In March 2019, two months before his conviction on two counts of involuntary manslaughter, Forbes included Schmidheiny in its list of the world's most generous philanthropists outside of the US.

===Rio Summit 1992===
Following his involvement in the Rio Summit, Schmidheiny authored the book Change of Course: Global Business Prospects for Development and the Environment, published by MIT Press in 1992. His book offers an extensive analysis of how businesses can make sustainable development their focus, his book has been translated into fifteen languages. He also contributed to Financing Change: The Financial Community, Eco-efficiency, and Sustainable Development also published by MIT Press.

===Fundación Avina===
In the 1990s Schmidheiny established the Fundación Avina , which contributes to sustainable development in Latin America by encouraging productive alliances among social and business leaders and today is a leading player in that field. The foundation pioneered a South American microfinance system similar to that of Muhammad Yunus whose widely praised system benefits the citizens of Bangladesh.

===Other philanthropy===
Schmidheiny supports arts and culture through a series of initiatives. He has developed and expanded the art collection of his deceased brother Alexander, the Daros Collection. The Daros Collection, based in Zurich is a substantial collection of North American and European art from the second half of the 20th century.

== Personal life ==
In 1977, Schmidheiny married firstly to Ruth Kipper (1949–2019), they had two children.
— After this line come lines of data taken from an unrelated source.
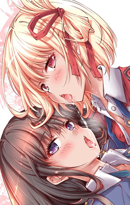 王様じゃんけんに負けてたきな様の舌を甘噛みせよと命令されるされるまんざらでもない千束さんです💙❤️ 千束❤『はむはむ…たきな様どうかな?』 たきな様💙『ダメですっ!もっと強く!』 #リコリコ #リコリス・リコイル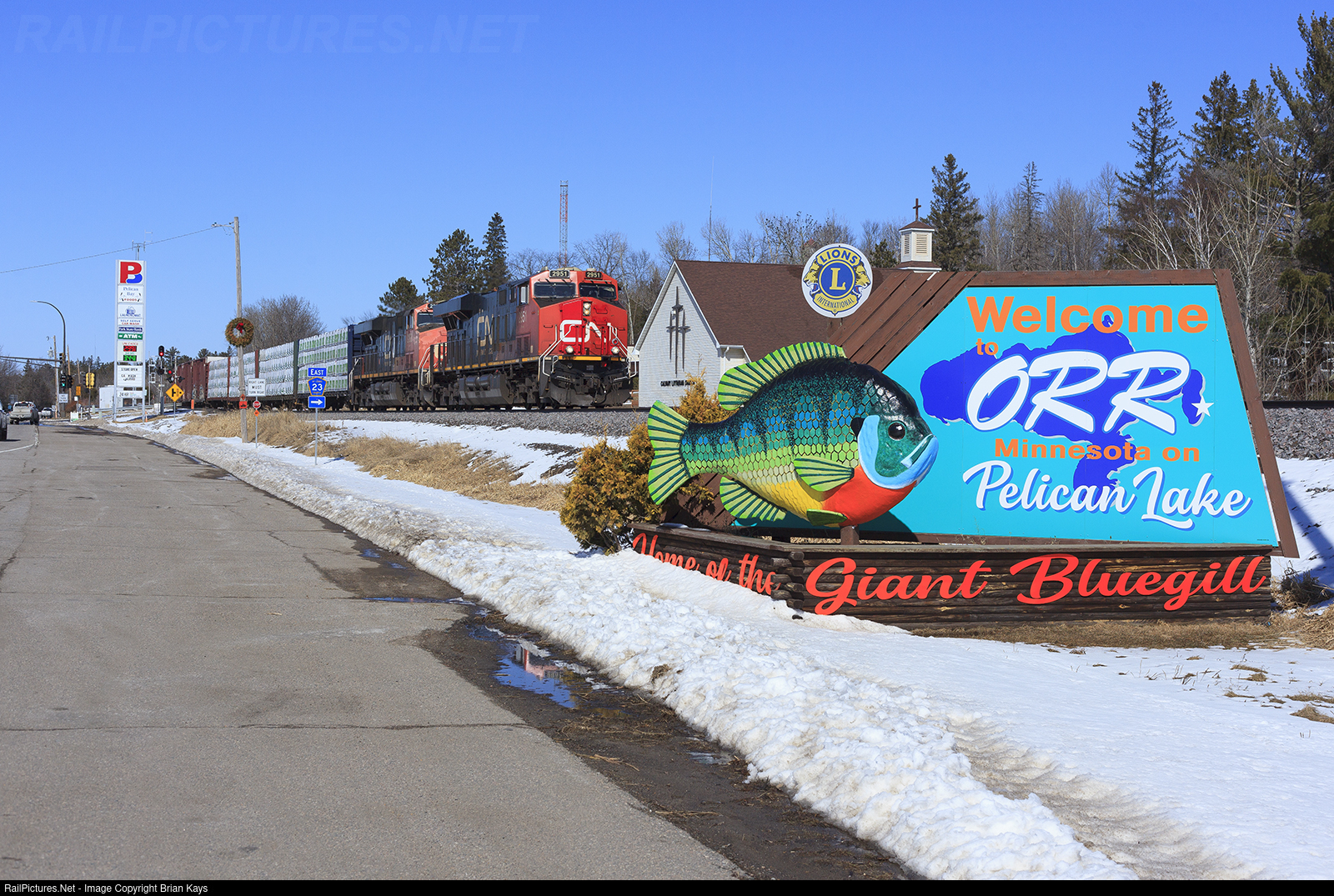 Orr's giant bluegill has the best view to see all the traffic passing on the CN Rainy Subdivision mainline. Minnesota has many giant roadside fish. This bluegill's name is Billy.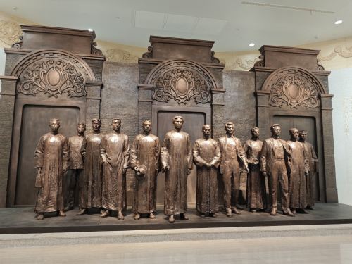 ▲ 1921年,参加中国共产党全国第一次全国代表大会的十三位中共代表雕像。 您能说出他们的名字吗?
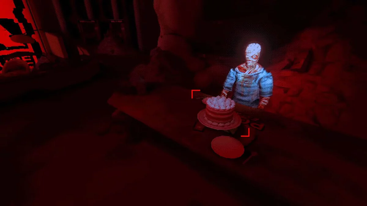 Вы окажетесь в кошмарной обстановке, где Кёрли сидит за столом в гостиной, а перед ним стоит праздничный торт. Подойдите к столу и сядьте напротив мужчины. Он предложит вам съесть с ним торт. Однако перед тем как приступить, вам нужно будет найти нож.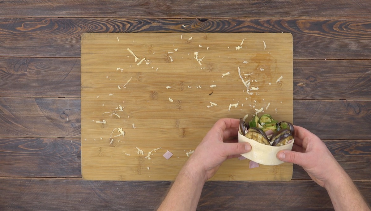 7.) Auf die letzten beiden Teigstreifen legst du nun Auberginenscheiben und wiederholst das Einrollen, bis du eine gigantische Blüte in den Händen hältst.
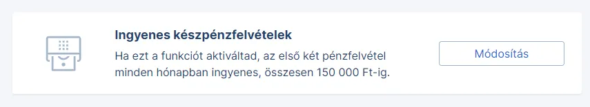 Itt az "Ingyenes készpénzfelvétel" pontra koppintva tudod beállítani az ingyenes készpénzfelvételt, illetve készpénzátvételt.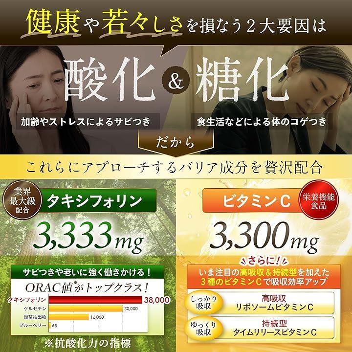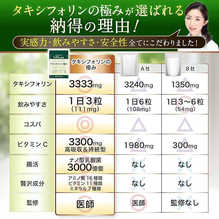 「国内トップクラスのタキシフォリン含有量」「「タキシフォリンの極み」は、1袋に3333mgのタキシフォリンを配合したサプリメントです(1日3粒で、タキシフォリン111mg配合)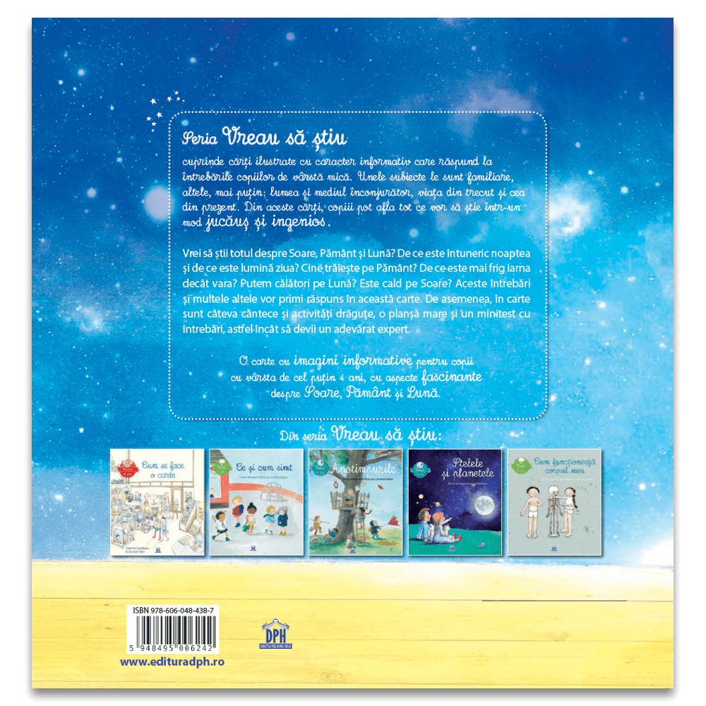 Noua carte din seria DPH -Vreau sa stiu cuprinde numeroase raspunsuri la multe intrebari precum: ''Vrei sa stii totul despre Soare, Pamant si Luna?'', ''De ce este intuneric noaptea si de ce este lumina ziua?'', ''Cine traieste pe Pamant?'', ''De ce este mai frig iarna decat vara?'', ''Putem calatori pe Luna?'', ''Este cald pe Soare?''.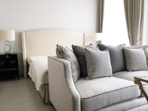เฟอร์นิเจอร์: เคานเตอร์ครัว โต๊ะอาหารพร้อมเก้าอี้ ตู้วางของ โซฟาและโต๊ะกลาง เตียงพร้อมฟูก ตู้หัวเตียง โซฟาภายในห้อง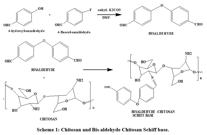 In a round bottom flak, 50 mL of 2 % was added slowly to 0.5 g of deacetylated chitosab with stirring. The above chitosan solution was agitated in a stirrer for three hours at 50 ◦C until a thick, yellow solution with a pH of 6.0 was formed.11,12 Then, 0.35 g of Bis-aldehyde dissolved in 15 mL of ethanol was added slowly , and the blend was disturbed continually with a reflux condenser for about 12 hours at 600C. White crystalline solids with a yield of 94% (0.72gm) are the end product of the reaction. The precipitate formed is filtered, washed with acetone, and then dried at 500C for six hours.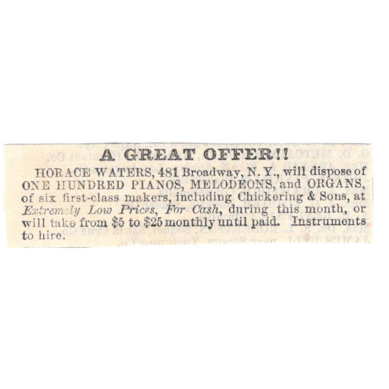 Horace and Waters Pianos & Organs - Ad 1878 Original TJ7-L2-3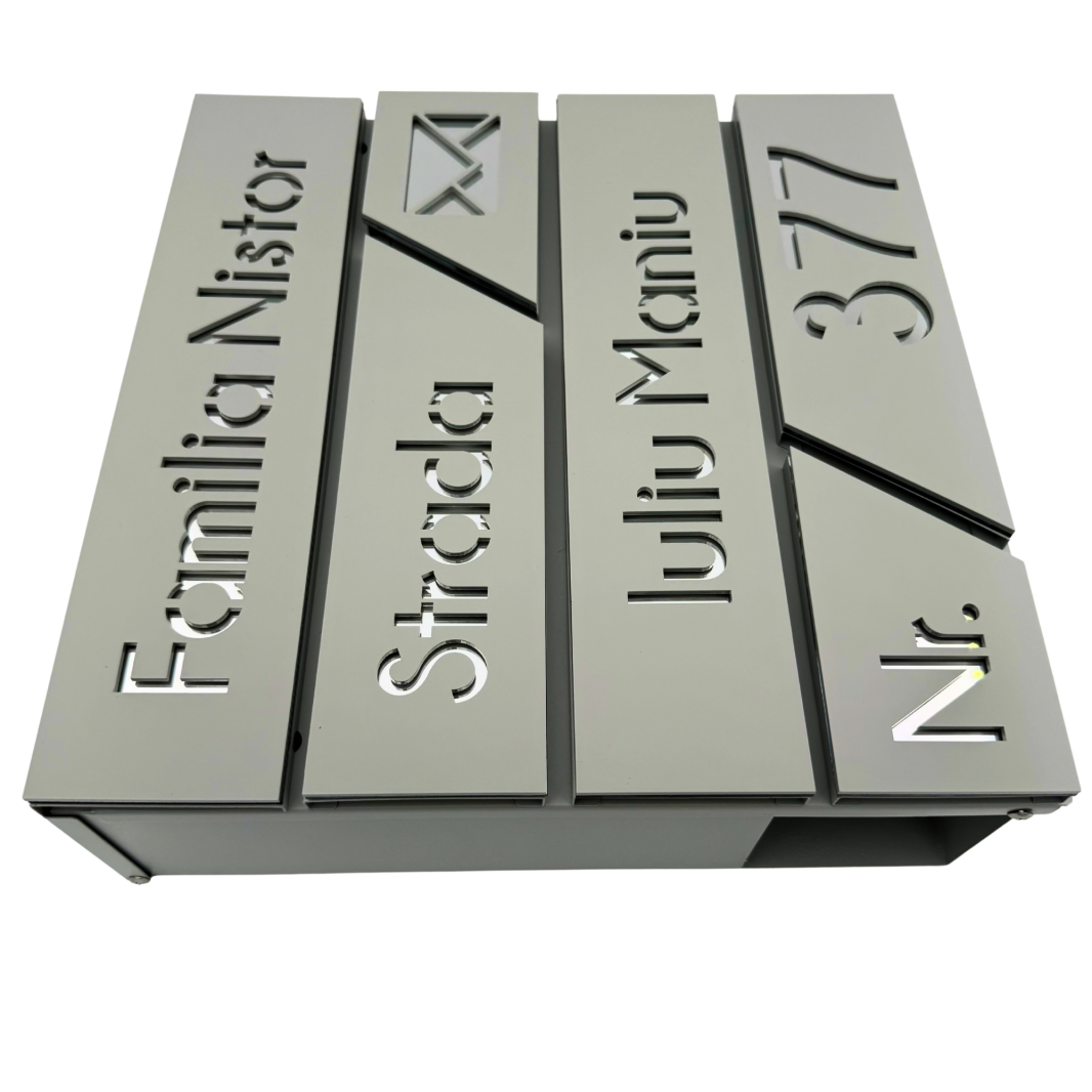 CUTIE POSTALA GRI LIGHT - Gri Light Satinat / Argintiu Oglinda - 37x36x11cm

Schmidheiny married secondly to fellow divorcee Austrian-born Viktoria Werner (born 1956), a physician originally from Vienna, in 2012. She has two children on her own.

In 2025, his net worth was estimated by Bilanz to be CHF3.8 billion.

=== Legal disputes ===
Schmidheiny has been involved in trials in Italy since 2012, connected to the use of asbestos in the factories of Eternit.

He admitted in an interview in 2015 that the strain from the legal proceedings in Italy had deeply affected him. Beyond the aforementioned legal proceedings, Schmidheiny set up funds for victims of asbestos-related diseases in South Africa and Italy, as these countries had no successor company to Eternit, which could bear the financial consequences of asbestos exposure.

In May 2019, Schmidheiny was sentenced to four years in prison by a Turin court for involuntary manslaughter in the death of two workers. The ruling followed a decade-long battle between Schmidheiny, the Italian government, former Eternit workers, and residents of towns near the company's asbestos plants. Prosecutor Gianfranco Colace said the ruling set a precedent on deaths from cancer and pulmonary diseases, which can take years to develop after contact with asbestos fiber In 2023, he was sentenced to 12 years in prison on aggravated manslaughter charges related to the deaths of 392 people in Casale Monferrato.

In October 2025, the Turin Court of Appeals reduced his sentence from Novara Court’s twelve year ruling to nine years and six months for aggravated manslaughter.

===Awards===
In 1993, Schmidheiny received an honorary doctorate from the Instituto Centroamerica de Administración de Empresas (INCAE), Costa Rica and the same honorary doctorate in 1996 by Yale University.

In 2001, Schmidheiny received the Zayed International Prize for the Environment for "Environmental Action Leading to Positive Change in Society".